Others looked at the two women in the team: the black Jamaican woman who had never responded to KGB discipline in all the years of her service, and the Englishwoman who had been bullied into a vital part in the operation simply because she could imitate voices. Some said the women were truculent, others that their English mother-tongue bonded the two of them and created a potential rebellion. Others, all of them men, believed that no women were suited to such jobs.

'First prize for booboos, shit-face,' said Harmony Jones to Moskvin. They were in a small cottage in Bosham, near the south coast of England, where Moskvin was laying his trap for Bernard Samson. 'London to Berlin, then back to London again. This is the dumbest operation I was ever on, honey.'

Moskvin was not used to such defiance. He controlled his terrible anger and said, 'It is all part of the plan.'

Erich Stinnes looked up from his guidebook: Chichester and the South Downs. He watched them dispassionately. It was not his operation, and even if the British caught him he'd already put out feelers to them about defection. He'd told Moscow that the first approaches came from the other side and got permission to continue his contacts, so he would survive come what may.

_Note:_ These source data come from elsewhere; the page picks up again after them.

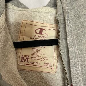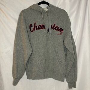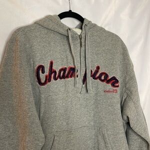 STYLE: Vintage Champion quarter zip, embroidered name logo, has hood!
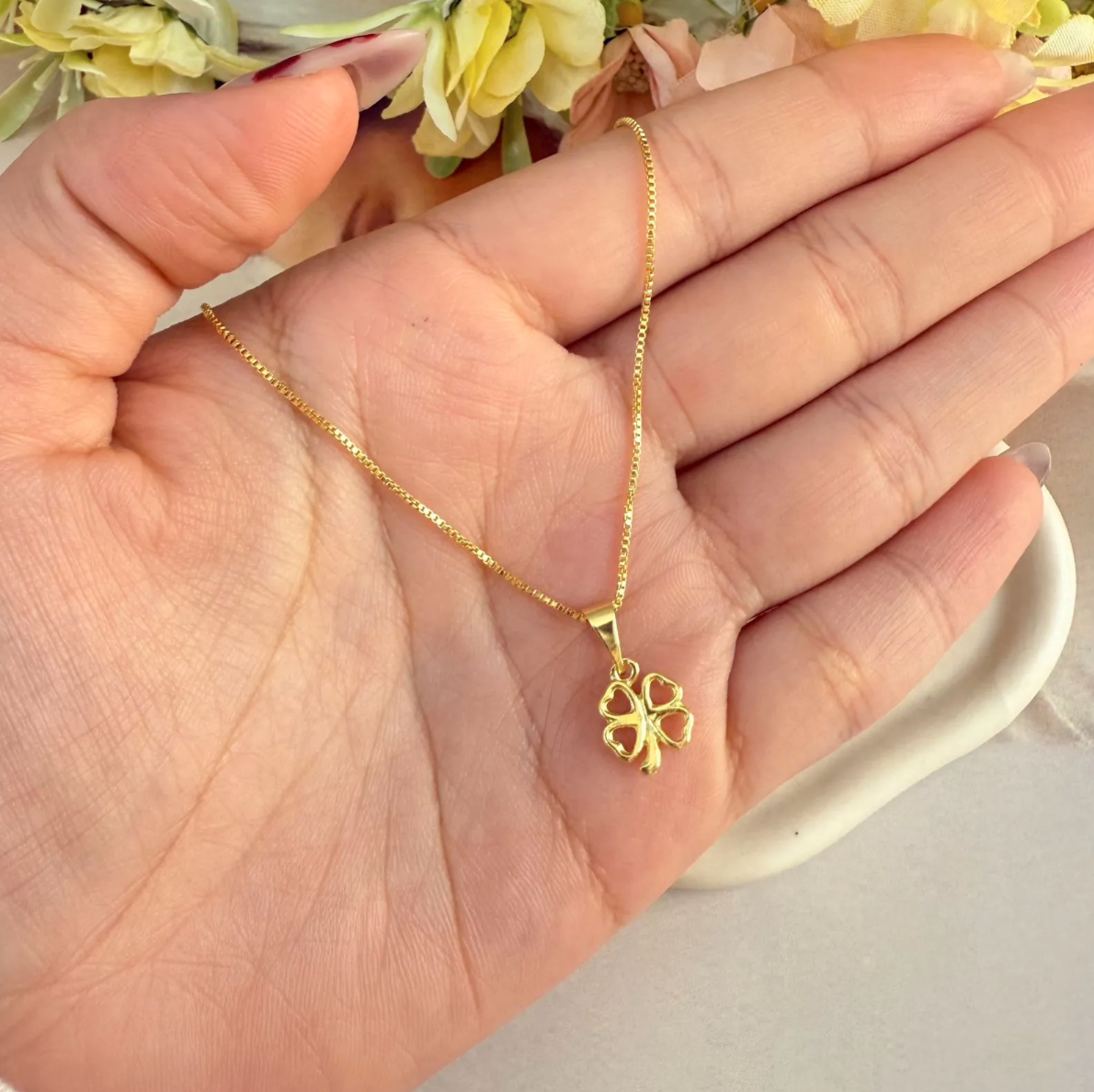 Colar trevo de 4 folhas em banho de ouro 18k.
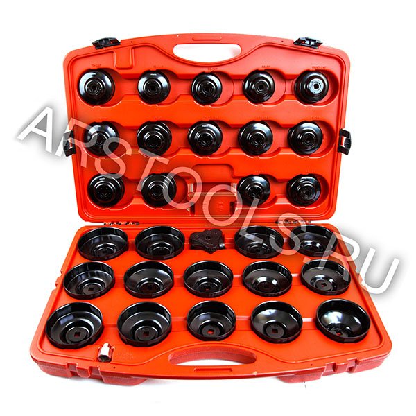 Набор съемников масляных фильтров в форме чашки (крышки) FORCE 61917. Набор состоит из 30 предметов в удобном пластиковом чемодане. Размеры съемников: 65 - 108 мм.
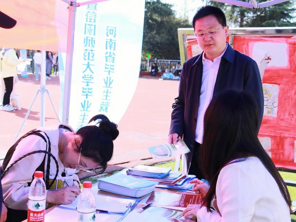 时间:2024-04-02 10:37:28 来源:教科院新闻宣传中心 作者:吴宇熙 祐亚菊 阅读: 次为抢抓春季就业工作关键期,落实做好高校毕业生高质量充分就业工作,3月28日,信阳师范大学2024届春季校园双选会在西操举行,我院积极组织2024届毕业生参加此次双选会。tyc7111cc太阳成集团党委副书记董银银以及毕业班班主任前往双选会现场,与用人单位热切交流并指导2024届毕业生求职。

Pavel Moskvin had reasoned along lines of equal infallibility. This operation was going to make his name, so it had to be dramatic. He was going to entice Bernard Samson into a trap, interrogate him to the point of death and then leave his mutilated body in an SIS safe house in England! If Samson's interrogation revealed something to question or destroy the reputation of his new superior, Fiona Samson, so much the better. Even the safe house had been chosen because Fiona Samson had revealed its existence during one of her initial debriefing sessions. Should the location prove compromised it would be Fiona Samson's treachery, not his failure.

Miranda looked at her three colleagues and shivered. She had never expected it to be like this. Miranda had played her part exactly as briefed.

Miranda had been standing on a grass verge, on a section of road near Terminal 3 at London Airport, when she saw Bernard Samson driving a car with Harmony sitting in the seat next to him. The car stopped very near her and then she had climbed into the back seat and mimicked the voice of Fiona Samson.